お盆明けの胃もたれや食欲不振は、単なる一時的な食べ過ぎだけでなく、高脂肪食やアルコールの摂取によって胃の運動機能に一時的なブレーキがかかったり、生活リズムの変化が複雑に影響し合ったりして生じる、身体からの「休ませてほしい」というサインです

弱った胃を立て直すために、極端な絶食に走るのではなく、1回の量を減らし、脂質を避けた温かい食事をよく噛んで食べることから始めてみてください

次回は、今日からできる具体的な「胃の立て直し生活習慣」の実践方法や、胃もたれと胸やけの違い、店頭でよくご相談いただく「食べ過ぎ胃薬」「飲み過ぎ胃薬」「胃もたれ市販薬」などの正しい選び方の考え方、そして「絶対に様子見をしてはいけない医療機関を早期に受診すべき危険なサイン」について、消化器内科・専門医の知見も参考にしながら、分かりやすくお届けします。
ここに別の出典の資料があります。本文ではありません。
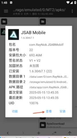 在右侧文件夹中依次点击Android、data、com.RayNick.JSABMobilf、files,最终界面如下图所示。

胃が重くて薬の選び方に迷ったときや、自分に合う胃のむかつき薬をお探しの際は、どうぞお気軽にご相談くださいね。

参考

1. 日本消化器病学会 編. 「機能性消化管疾患診療ガイドライン2021―機能性ディスペプシア(FD)(改訂第2版)」

2. Qian W, et al. “The Roads of Rome for Functional Dyspepsia: From Rome I to Rome V.” Gut Medicine. 2026;2(2):86–97.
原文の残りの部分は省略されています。